─── SUPPLIED MATERIAL ───
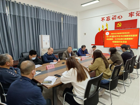 11月14日下午,学前与艺术教育学院党总支在学院党员活动室召开“深入学习习近平总书记视察安阳重要讲话精神,大力弘扬红旗渠精神”专题组织生活会。副校长李明臣同志以普通党员身份参加会议,学前与艺术教育学院在校教师党员参加会议。会议由学前与艺术教育学院党总支书记王春生同志主持。
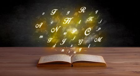 Glowing yellow alphabet letters coming out of an open book
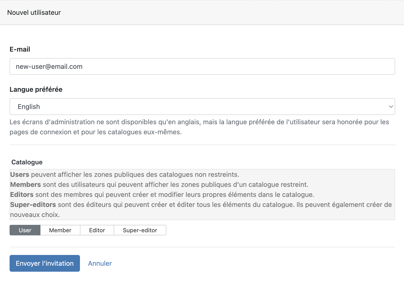 Il existe une FAQ consacrée à toutes les questions concernant l’imvitation d’utilisateur-ice-s sur un catalogue consultable ici.
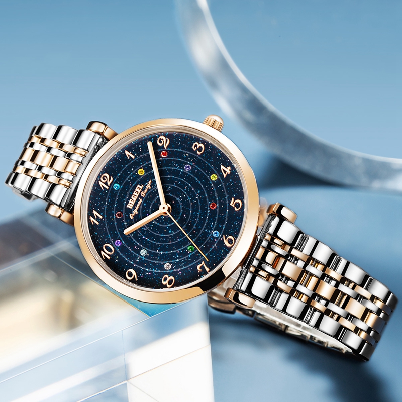 以深邃夢幻的宇宙作為靈感,綠松鋯, 黃玉鋯,碧璽鋯,藍(lán)寶鋯,橄欖鋯,紅寶鋯,月光鋯,翡翠鋯, 白鋯,海藍(lán)鋯,紫晶鋯,石榴鋯等十二顆鋯石精巧鑲嵌于表盤之上,代表十二個月份幸福的生辰石。當(dāng)陽光透過細(xì)膩紋理映射在斑斕多姿的鋯石上,閃爍起幸運(yùn)的光芒,它將成為你永恒的生辰守護(hù)。
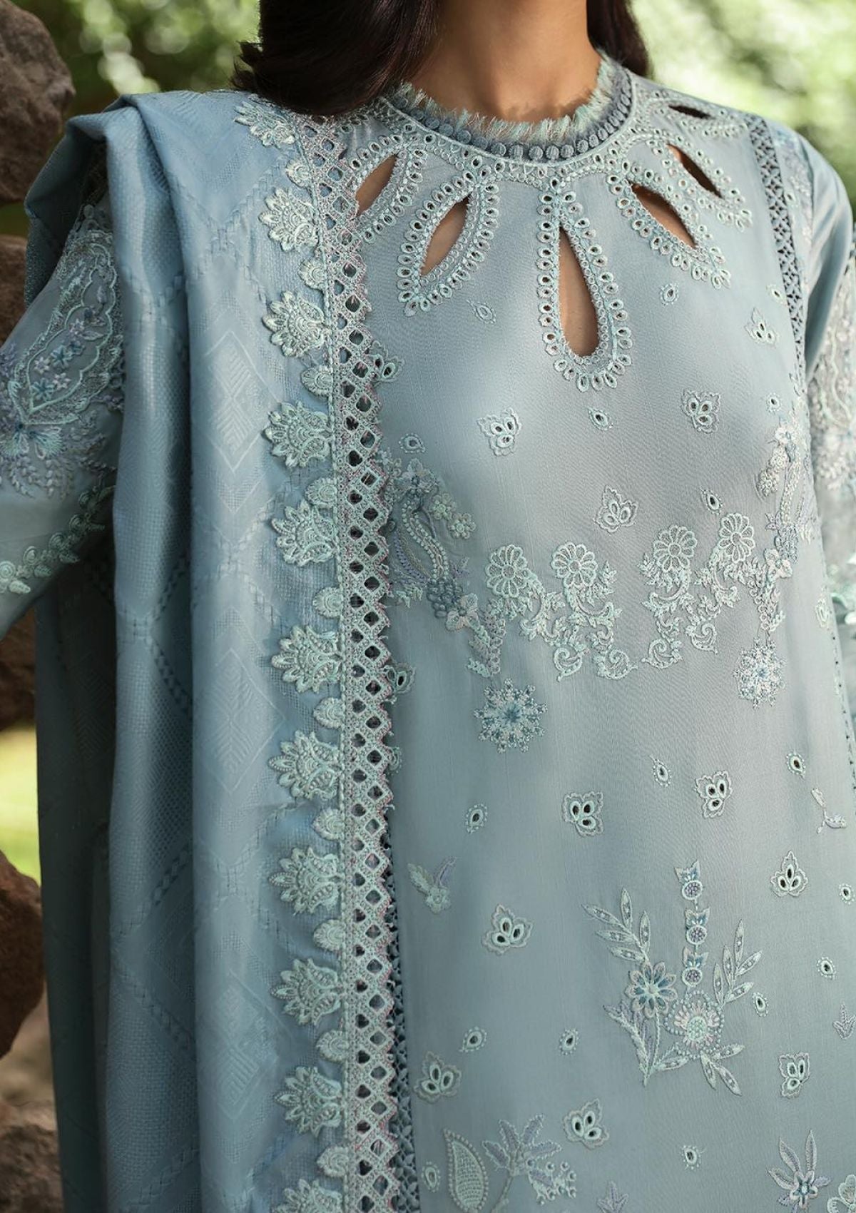 - Chikankari Embroidered Border (Front & Back)
───
**TRY IT**
What is needed is an exact copy of all the records, minus any pictures.

**EXERCISE ANSWER**
 11月14日下午,学前与艺术教育学院党总支在学院党员活动室召开“深入学习习近平总书记视察安阳重要讲话精神,大力弘扬红旗渠精神”专题组织生活会。副校长李明臣同志以普通党员身份参加会议,学前与艺术教育学院在校教师党员参加会议。会议由学前与艺术教育学院党总支书记王春生同志主持。
 Glowing yellow alphabet letters coming out of an open book
 Il existe une FAQ consacrée à toutes les questions concernant l’imvitation d’utilisateur-ice-s sur un catalogue consultable ici.
 以深邃夢幻的宇宙作為靈感,綠松鋯, 黃玉鋯,碧璽鋯,藍(lán)寶鋯,橄欖鋯,紅寶鋯,月光鋯,翡翠鋯, 白鋯,海藍(lán)鋯,紫晶鋯,石榴鋯等十二顆鋯石精巧鑲嵌于表盤之上,代表十二個月份幸福的生辰石。當(dāng)陽光透過細(xì)膩紋理映射在斑斕多姿的鋯石上,閃爍起幸運(yùn)的光芒,它將成為你永恒的生辰守護(hù)。
 - Chikankari Embroidered Border (Front & Back)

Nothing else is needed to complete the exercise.